Flash Crash vs day-trader reaction time

Discussion in 'Index Futures' started by ktomi, Sep 1, 2011.

  1. Mercor

    Mercor

    If you have a stop in th ES mini, it should not run it.

    There was the move in the morning that looking like a 15 point move in less then a minute. No one should have had their stops run past their price if they were on the DOM ladder
     
    #21     Sep 2, 2011
  2. ES STOPS are generally executed as a LIMIT order 3.00 points from your trigger price.

    So, if you are working an order to SELL 5 ES-U1 @ 1169.75 STOP, should your order be triggered the software will SELL 5 ES-U1 @ 1166.75, which will hopefully fill at 1169.75, your stop price.

    Therefore you should be concerned about anything greater than 3.00 points slippage, which would be extraordinary.

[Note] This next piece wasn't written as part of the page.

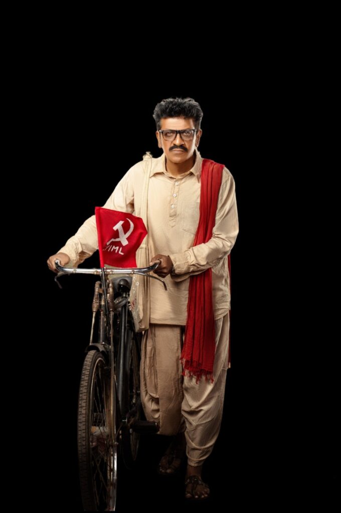 இன்று வெளியிடப்பட்ட ஃபர்ஸ்ட் லுக் போஸ்டரில், டாக்டர் சிவராஜ்குமார் எளிமையான அதே நேரம், வலிமையான தோற்றத்தில் காட்சியளிக்கிறார். கண்கண்ணாடி அணிந்து, வெள்ளை குர்தா –பைஜாமா மற்றும் தோளில் சிவப்பு துண்டு போர்த்திய நிலையில், சைக்கிளை தள்ளிச்செலும் காட்சியில், பின்னணியில் சட்டமன்றம் தெரிகிறது. சைக்கிளில் தொங்கும் நெல் மற்றும் சுத்தியல் சின்னம் கொண்ட சிவப்புக் கொடி, அவரது இடதுசாரி சிந்தனையையும், அரசியலின் தன்மையையும் வெளிப்படுத்துகிறது. கும்மடி நரசைய்யாவின் பணிவு மற்றும் உள்மன வலிமையை சிவராஜ்குமார் முழுமையாக வெளிப்படுத்தியுள்ளார்.
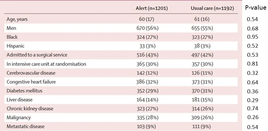 This was a randomized trial I ran looking at electronic alerting for acute kidney injury. And you'll have to take my word that it is not fraudulent. I mean, if I had wanted to fake the data I probably would have made the study positive – but that's neither here nor there. Basically, if you look across the two arms, you can see that the numbers look pretty similar for all of these baseline variables. 56% were men in the alert arm, compared to 55% in the usual care arm. Nothing too suspicious, right?

    Frankly, you're probably going to lose all your money.

    But good luck.

    -H
     
    #22     Sep 2, 2011
  3. Unnecessary??? You are wrong. Very wrong. If learning options to protect your hard earned money is too complicated you probably shouldn't be trading.

    Options will save your ass.

    You could buy a semi deep or deep OTM put on the cheap and trade without fear of a crash.

    On a side note. I was trading DNDN (long on their approval by FDA) that day and the b/a did not move at all when the crash happened. As if they just stopped trading.

    Few days later DNDN got approved made 140%. Wanted more but I'll take it.
     
    #23     Sep 2, 2011
  4. Nope. The only tool is lower leverage, especially with IB. Bid and ask goes bonkers on options too, so options will be worthless to a computer. Flash crash = auto-liquidation if you can't handle a 5% drop without stops and without OTM options.

    That said, if you use options to simply create a tool that will return money on a black swan event, that could be a valid reason for using options.
     
    #24     Sep 2, 2011
  5. The silver flash crash was the worst I've seen, where it traded down $5-$6 in under 15 minutes I believe. Anybody who was long basically couldn't get out. Not sure if it was somebody sweeping the market or what happened but it was ugly, that's $30k on a 1 lot. So in that case a stop depending on where in the queue it was and how far down would've wiped any small account out.
     
    #25     Sep 2, 2011
  6. Occam

    Occam

    Probably every "flash crash" in the past 30 years was caused by automated (or automatic, if not automated) positive autocorrelative "safety" strategies -- this includes the '87 crash (portfolio insurance), the May 2010 "flash crash" (market stop orders, after a cascade of other events triggered by a large-scale futures sale), and the silver "flash crash" (increased margin requirements causing cascading stop orders, automated or not).

    In all of these cases, you've got people (or the automated mechanisms they/their brokers put in place) trying to "save their money" all at once. The paradoxical result is a crash.

    Of course, most traders (not to mention many investors) won't want to hear this, because it means they shouldn't use so much leverage -- leverage so high that they feel forced to use market stops, portfolio insurance, etc.